**WORK REQUEST:**
Once you reach the line with "Ruim een half", copy it and every line after it exactly, up to the end of the data. Omit the pictures.

**SOURCE MATERIAL:**

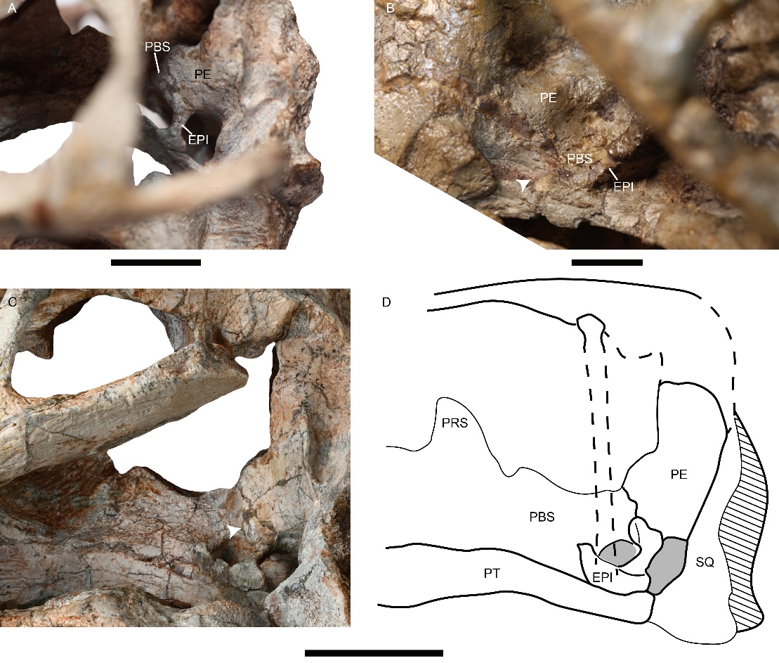 在其中一件保存较好的标本上,其上翼骨的基部后缘向内侧延伸,形成一个与脑匣侧壁相接触的骨棒,这种上翼骨形态从未在其他二齿兽中报道过,而在重新检查新疆种的正型标本后确认这是吉木萨尔兽属的自有衍征。经过与多种兽孔类对比后,推测这一结构具有稳定腭部复合体的功能,并可能以软骨连接的形式广泛存在于二齿兽类各类群中。
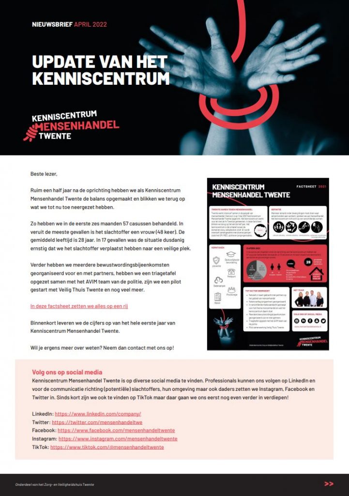 Ruim een half jaar na de oprichting hebben we als Kenniscentrum Mensenhandel Twente de balans opgemaakt en blikken we terug op wat we tot nu toe neergezet hebben. Dit en meer lees je in de nieuwsbrief van april.
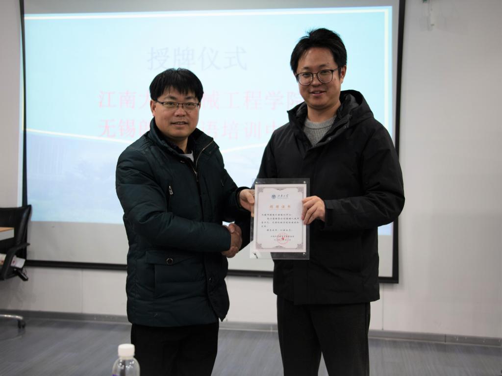 颁奖仪式过后,william威廉亚洲官方方书记和无锡朗阁外语培训中心吴董事长进行了授牌仪式,标志着友好合作的开始和对未来发展的期望。
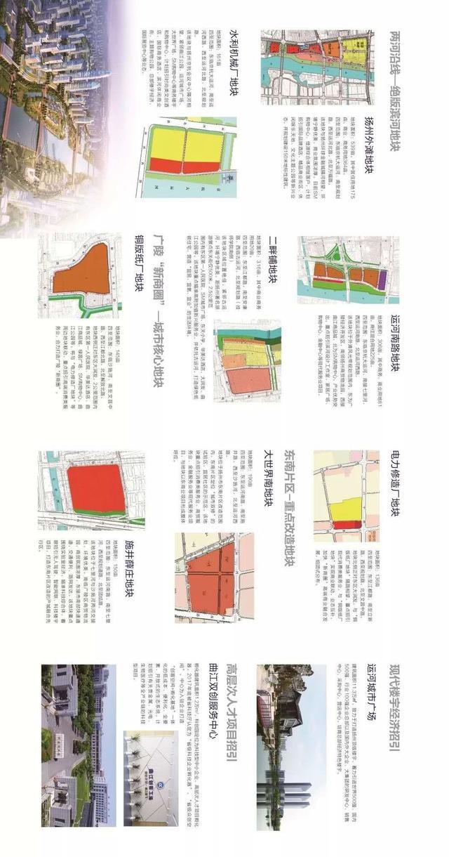 招商类型:将与电力修造厂地块等周边地块联动,重点招引高端消费类股务业,合力打造广陵新商圈。

**TASK SOLUTION:**
 Ruim een half jaar na de oprichting hebben we als Kenniscentrum Mensenhandel Twente de balans opgemaakt en blikken we terug op wat we tot nu toe neergezet hebben. Dit en meer lees je in de nieuwsbrief van april.
 颁奖仪式过后,william威廉亚洲官方方书记和无锡朗阁外语培训中心吴董事长进行了授牌仪式,标志着友好合作的开始和对未来发展的期望。
 招商类型:将与电力修造厂地块等周边地块联动,重点招引高端消费类股务业,合力打造广陵新商圈。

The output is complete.